Este pensador francés es muy claro al concebir la dialógica como “la lógica bicéfala surgida del encuentro de dos lógicas; sería la combinación simbiótica entre estas dos lógicas, combinación que se presentaría en términos a la vez complementarios, concurrentes, antagonistas” (Morin,1982: 331).[15] En la propuesta moriniana, a diferencia de la dialógica, si bien es cierta la presencia de la dialéctica, no encontramos una tematización y sistematización de ésta.
Quizás por el tratamiento que hace Morin de todos los problemas desde la lógica recursiva, no llega a la diferenciación entre planos o niveles. Por lo tanto el desdoblamiento fundante de dialógica/dialéctica no asume la profundidad y horizontalidad que sí están presentes en el enfoque bajtiniano. Principio de recursividad y principio hologramático. Con Morín podemos hablar de una multiplicidad de modalidades de dialógicas: dialógica pensamiento lógico-pensamiento analógico, dialógica comprensión-explicación, comprensión-explicación.
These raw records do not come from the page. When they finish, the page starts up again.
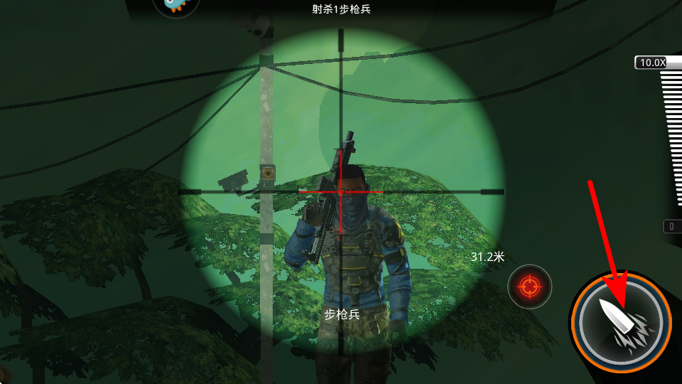 2、进入狙击场景后,瞄准远处的步枪兵,点击红色箭头指向的射击按钮,发起攻击消灭该敌人,推进关卡战斗进度。
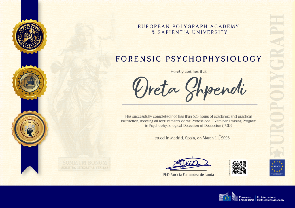 The above named has successfully complete following training program: Forensic Psychophysiology Polygraph Course
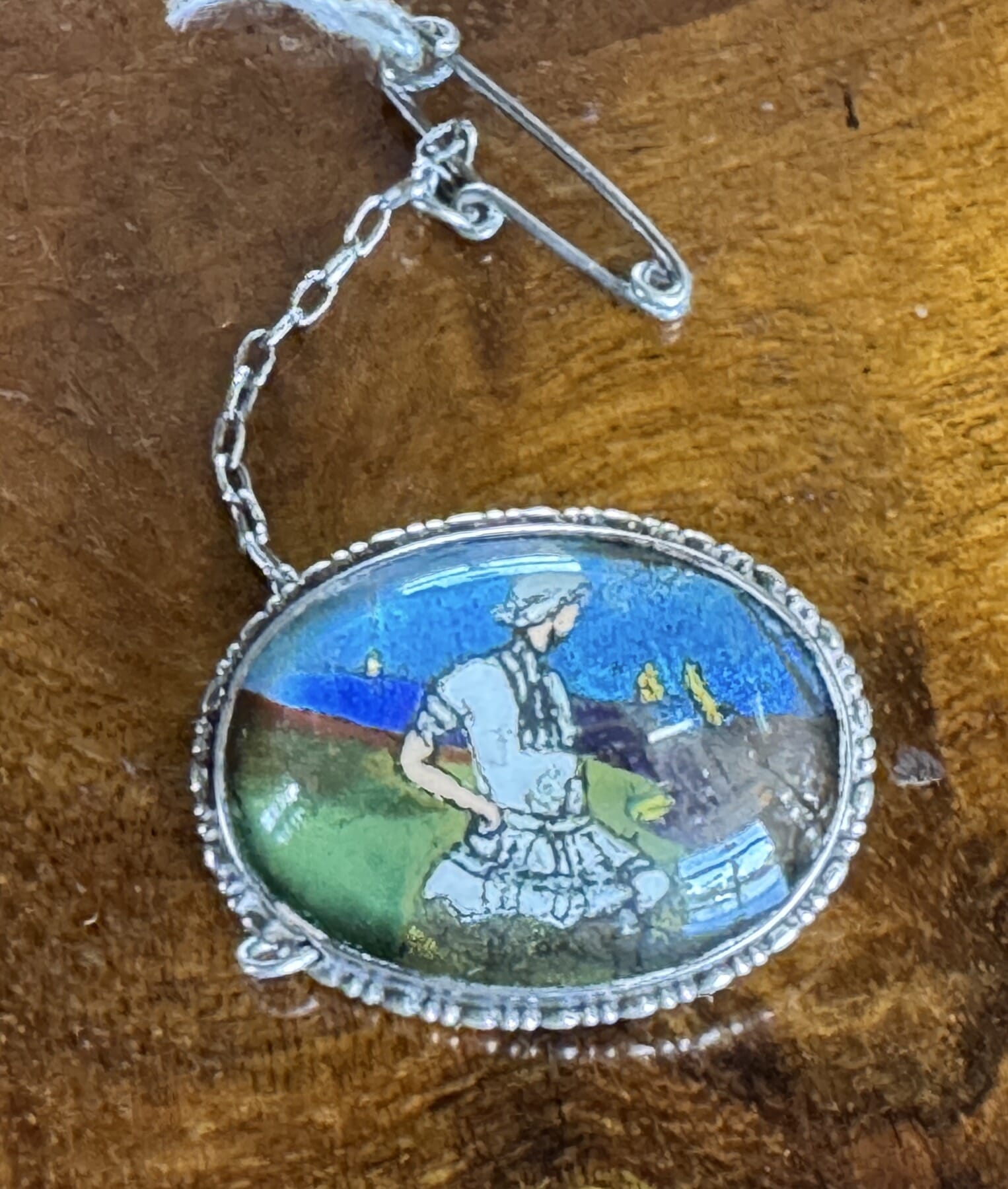 Hand Painted & Butterfly Wing ‘Dutch Girl’ brooch, Sterling Silver mounts, c. 1925
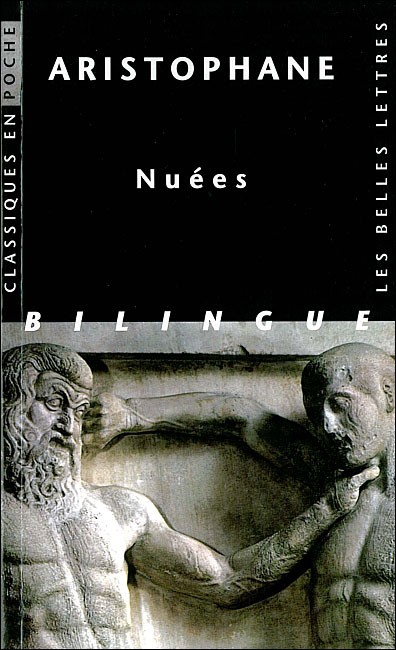 Au contact de Socrate et de ses disciples, Strepsiade apprend, émerveillé, que Zeus n'existe pas, que le monde appartient à des déesses appelées Nuées et qu'outre ces fameuses Nuées, un bon socratique vénère le Vide et le Langage. Il faut dire que Socrate et ses disciples passent le plus clair de leur temps à disserter sur des choses sans intérêts ou à construire des raisonnements sans queue ni tête destinés à impressionner les imbéciles.
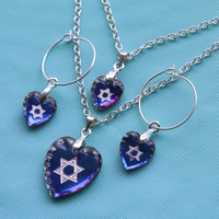 The exquisite heart-shaped Intaglio glass star of David amulets are hand-carved with stunning ever-changing silver detail embdedded in iridescent midnight blue glass that beautifully transforms when it catches light.
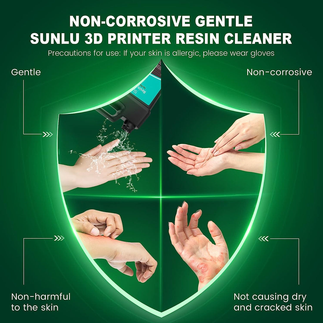 SUNLU Hand-washable 3D Printer Resin Detergent: SUNLU 3D Printer Resin Cleaner is designed for use on uncured 3D printing resins as it changes the chemical structure of 3D resins, making it dissolvable in water. SUNLU 3D Printing Resin Detergrent main ingredient is gentle, non-corrosive and non-invasive to the skin. Will not cause dry and chapped skin and has a light fragrance when cleaning.
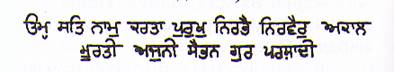 Первая мантра (молитвенная формула или зaклинание), именуемая «Мул Мантра», с которой начинается священная книга сикхов «Ади Грантх», выглядит следующим образом (она написана на пенджаби):
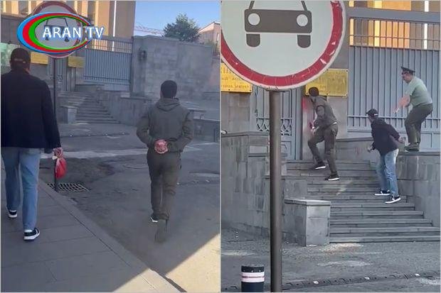 Kadrlarda iki nəfərin diplomatik korpusa tərəf qaçdığı və əllərindəki içində rəngli maye olan plastik torbanı darvazaya çırpdıqları görünür.

Dentro de la perspectiva moriniana, la dialéctica y la dialógica reciben un tratamiento recursivo[16] y hologramático[17], esa es la razón por la que la horizontalidady la profundidad no son pertinentes; pero sí lo son los bucles, los procesos retroactivos que abordan procesos sistémicos autorrefenciales y autónomos.
Voces latinoamericanas: de nuevo cuentan
La potencia de dos voces se deja escuchar, de nueva cuenta, en el espacio latinoamericano por medio de las formulaciones de Paulo Freire y Hugo Zemelman, en sus aproximaciones en torno al desdoblamiento fundante.
En realidad, Freire no tematiza la dialéctica, sino más bien la ejerce en la práctica, enriqueciéndola con reflexión y acción. Quizá la aplicación más inclusiva esté signada por la dialéctica oprimido-opresor; desde ésta se desprenden otras relaciones dialécticas, como la “lectura de mundo”/“lectura de las palabras”, la subjetividad/objetividad, entre otras. En todas ellas se marca un énfasis muy fuerte en las contradicciones que deben superarse mediante la praxis. Esto implica un encuentro dialógico con los otros y el mundo a través de un proceso concienciador.
Ese proceso debe enmarcarse en un contexto, por eso la insistencia de Freire (1976: 88): “la concientización no se verifica en seres abstractos, y en el aire, sino en hombres concretos, y en estructuras sociales”. La mediación de ese proceso “de generación y toma de conciencia” es el mundo con sujetos que dialogan horizontalmente. De esta forma, “al basarse en el amor, la humildad, la fe en los hombres, el diálogo se transforma en una relación horizontal en la que la confianza de un polo en el otro es una consecuencia obvia” (Freire,1978b: 105).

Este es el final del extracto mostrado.